[Records from a collection]

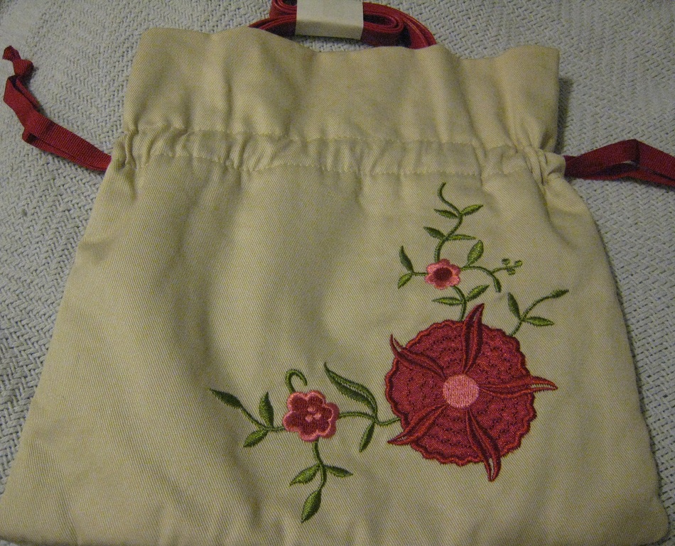 Beautiful cotton khaki/tan colored purse with embroidered floral accents. Cinch closure, measures 9 1/2" x 7 1/2"
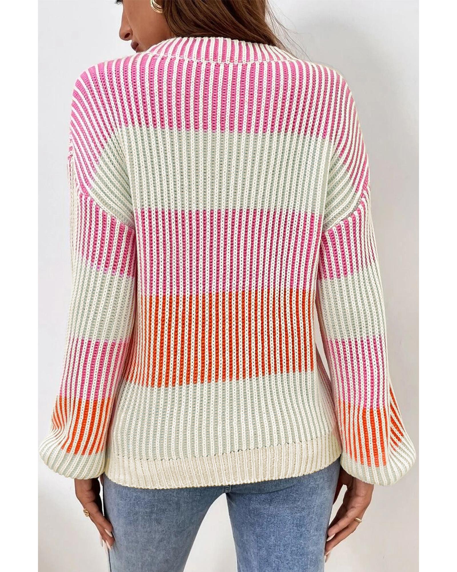 - Pink Colorblock Textured Knit Bubble Sleeve Sweater
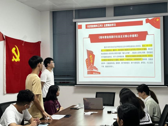 活动伊始,苏宸同志介绍本次党日活动的流程内容,并带领全体同志一起对《论党的青年工作》部分篇章进行学习。在学习过程中,罗沛、沈俊、李嘉文和李祖耀四位同志分别对不同篇章的学习发表了自己的学习心得。接着,全体同志观看视频《理想》,共同回顾党的百年奋斗历程。最后由李明、何雨轩和黄海莲三位同志阐述了观看视频的感想和此次党日活动的心得体会。
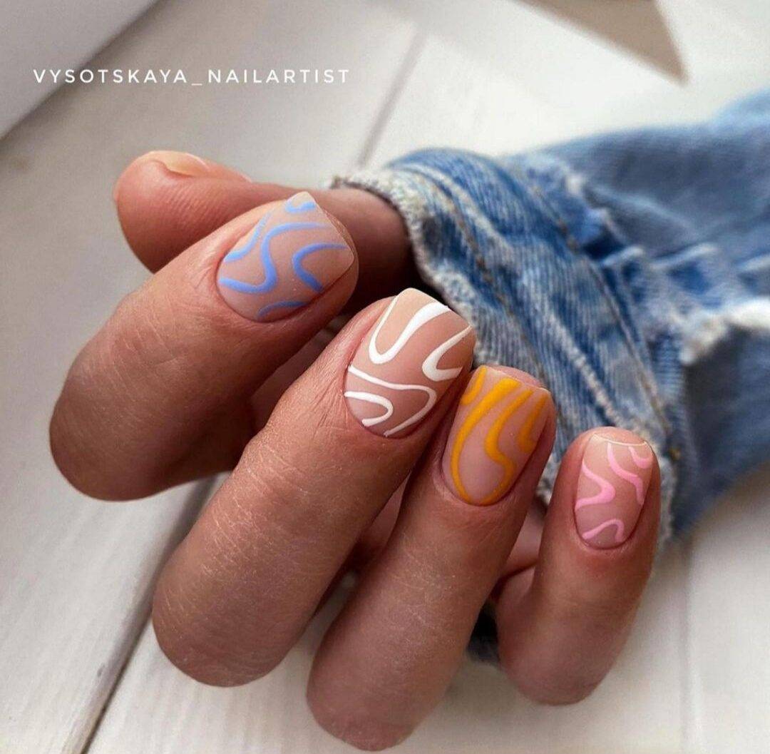 Среди актуальных предложений лаконичные линии, нанесённые на основание ногтей в хаотичном порядке, сложные геометрические композиции и абстрактные мотивы. Не покидают список популярных предложений различные цветочные изображения, клеточки и ажурные завитки.
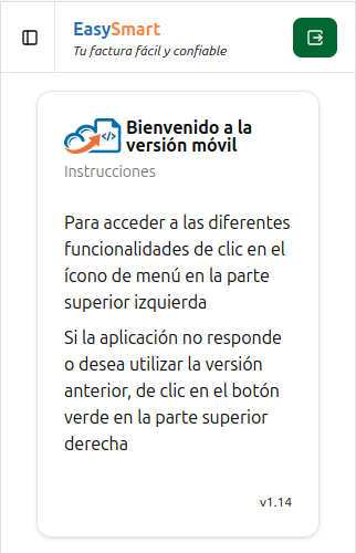 El ícono superior derecho (botón verde) le permitirá navegar a la versión vieja del sistema móvil. Esto pudiera ser necesario si la aplicación no funciona correctamente en su teléfono (en teléfonos con navegadores muy viejos o no actualizados) o si encuentra que alguna funcionalidad de la nueva versión no está operando normalmente.
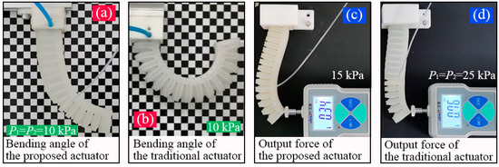 Measurement of the bending deformation and output force of two kinds of soft actuators: (a,b) bending deformation of the proposed soft actuator and the traditional one and (c,d) measuring of the output force of the proposed soft actuator and the traditional one.
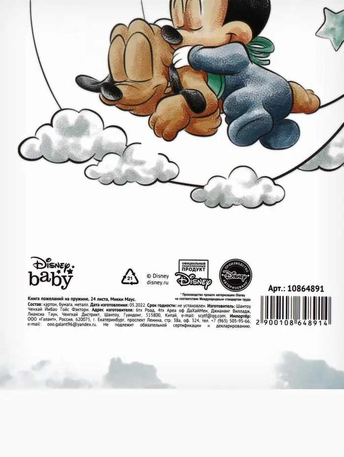 Книга пожеланий на пружине, 21,7х21 см, Микки Маус
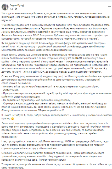 Також щодо цієї ситуації та заяв чиновника з МОН висловився військовий та політичний аналітик, ветеран АТО та громадський діяч Євген Дикий. На своїй сторінці у Facebook він опублікував пост, у якому розкритикував слова Андрія Василенка.
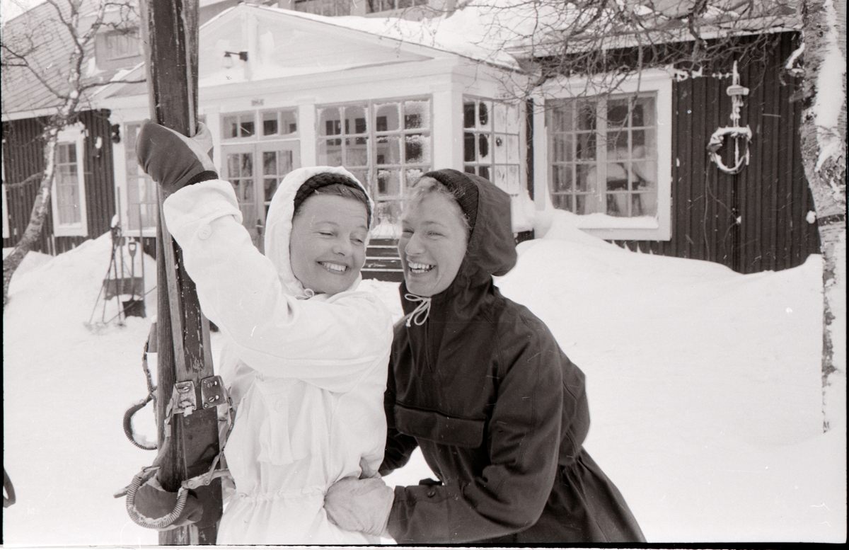 Skidturister utanför en fjällstuga.
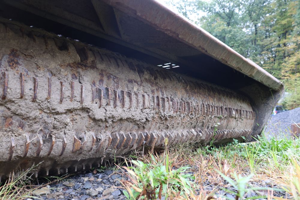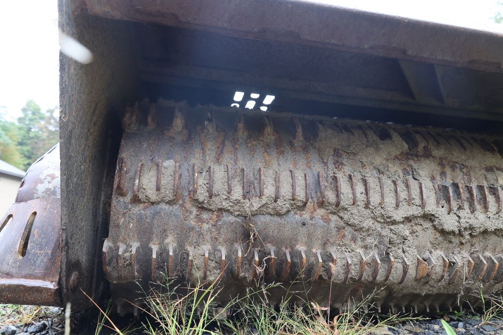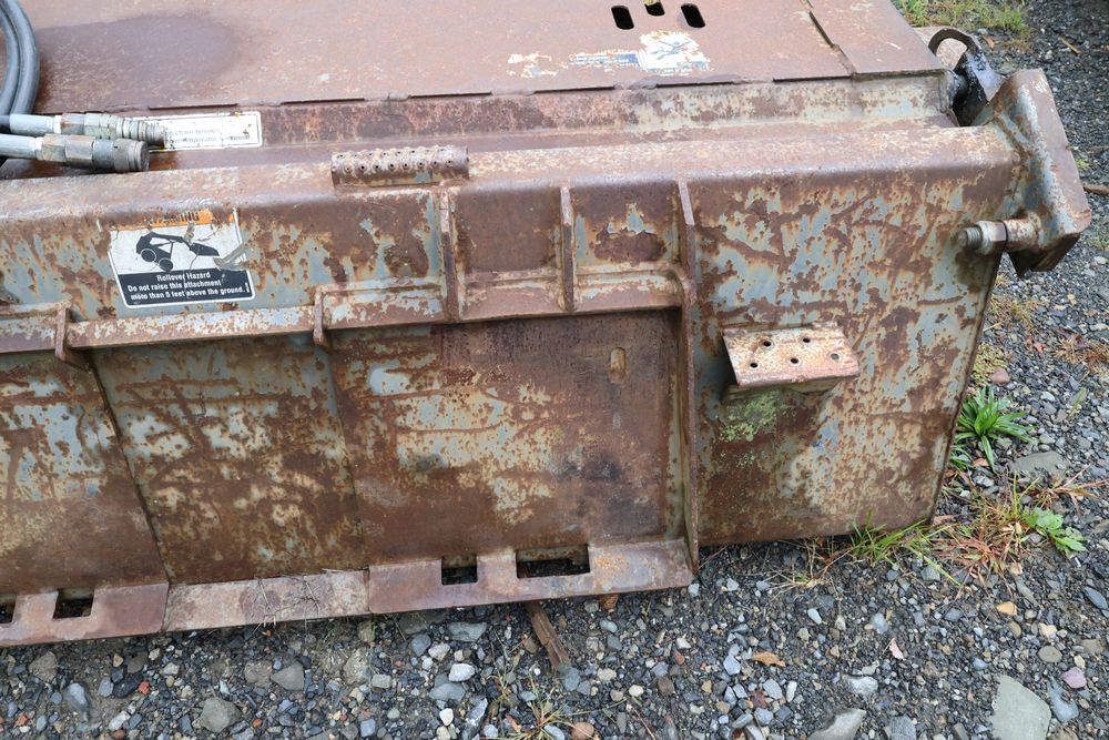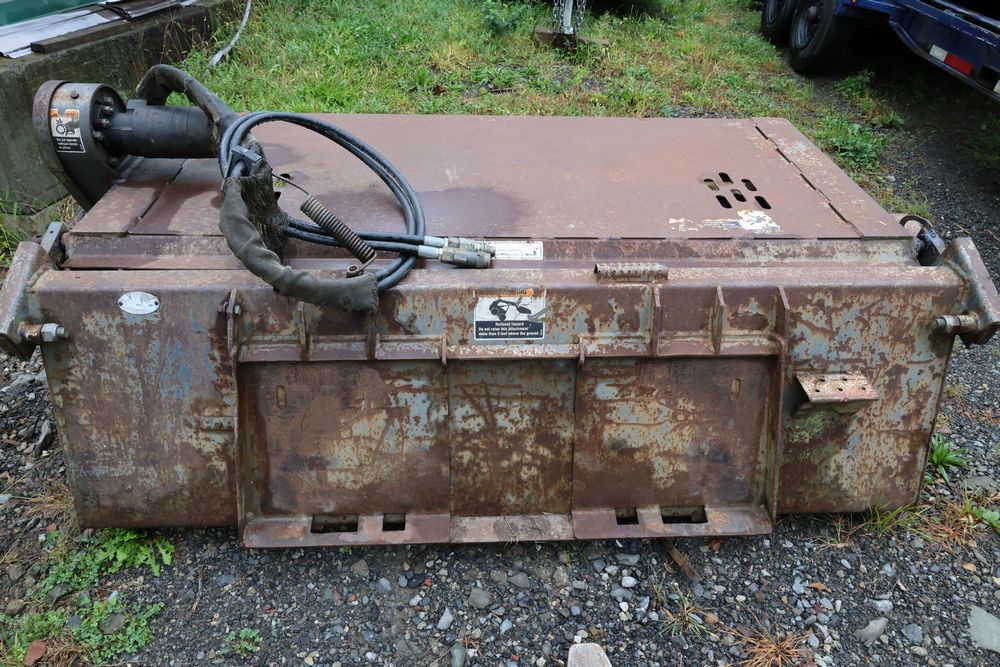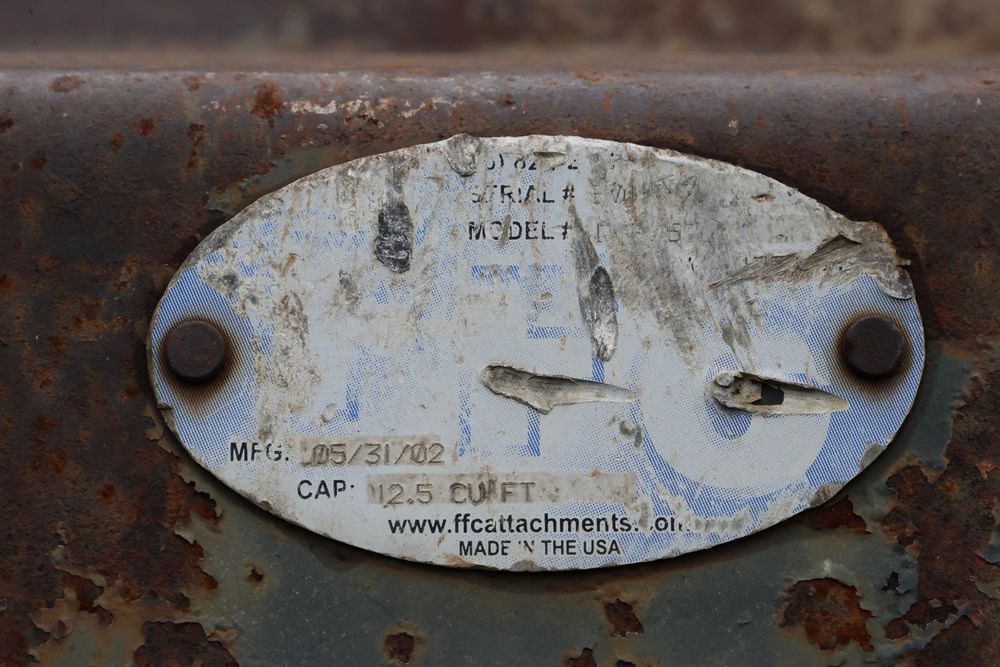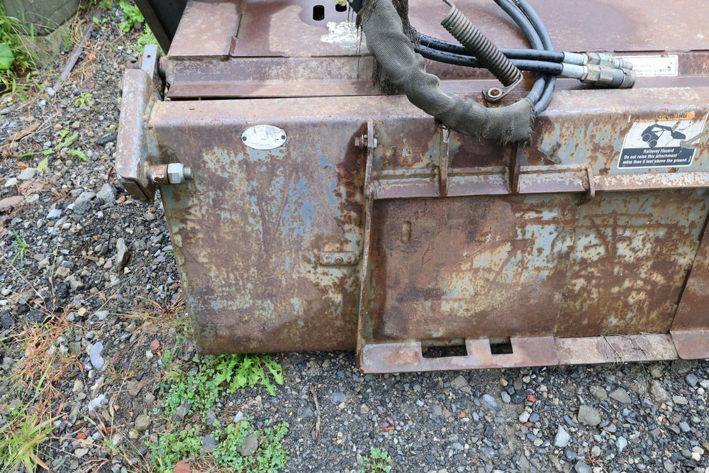 FFC Preparator 92-inch hydraulic rotary landscape rake attachment with integrated roller drum. Model: 92. Capacity: 12.5 cu ft. MFG Date: 05/31/2002. Unit features hydraulic drive motor with protective hose cover, quick-attach compatible mounting points. Designed for soil conditioning and seedbed preparation. Seller reports: operates as intended.

Task prompt
Repeat every record precisely. Any picture among them stays out of the copy.

Exercise output
 Beautiful cotton khaki/tan colored purse with embroidered floral accents. Cinch closure, measures 9 1/2" x 7 1/2"
 - Pink Colorblock Textured Knit Bubble Sleeve Sweater
 活动伊始,苏宸同志介绍本次党日活动的流程内容,并带领全体同志一起对《论党的青年工作》部分篇章进行学习。在学习过程中,罗沛、沈俊、李嘉文和李祖耀四位同志分别对不同篇章的学习发表了自己的学习心得。接着,全体同志观看视频《理想》,共同回顾党的百年奋斗历程。最后由李明、何雨轩和黄海莲三位同志阐述了观看视频的感想和此次党日活动的心得体会。
 Среди актуальных предложений лаконичные линии, нанесённые на основание ногтей в хаотичном порядке, сложные геометрические композиции и абстрактные мотивы. Не покидают список популярных предложений различные цветочные изображения, клеточки и ажурные завитки.
 El ícono superior derecho (botón verde) le permitirá navegar a la versión vieja del sistema móvil. Esto pudiera ser necesario si la aplicación no funciona correctamente en su teléfono (en teléfonos con navegadores muy viejos o no actualizados) o si encuentra que alguna funcionalidad de la nueva versión no está operando normalmente.
 Measurement of the bending deformation and output force of two kinds of soft actuators: (a,b) bending deformation of the proposed soft actuator and the traditional one and (c,d) measuring of the output force of the proposed soft actuator and the traditional one.
 Книга пожеланий на пружине, 21,7х21 см, Микки Маус
 Також щодо цієї ситуації та заяв чиновника з МОН висловився військовий та політичний аналітик, ветеран АТО та громадський діяч Євген Дикий. На своїй сторінці у Facebook він опублікував пост, у якому розкритикував слова Андрія Василенка.
 Skidturister utanför en fjällstuga.
 FFC Preparator 92-inch hydraulic rotary landscape rake attachment with integrated roller drum. Model: 92. Capacity: 12.5 cu ft. MFG Date: 05/31/2002. Unit features hydraulic drive motor with protective hose cover, quick-attach compatible mounting points. Designed for soil conditioning and seedbed preparation. Seller reports: operates as intended.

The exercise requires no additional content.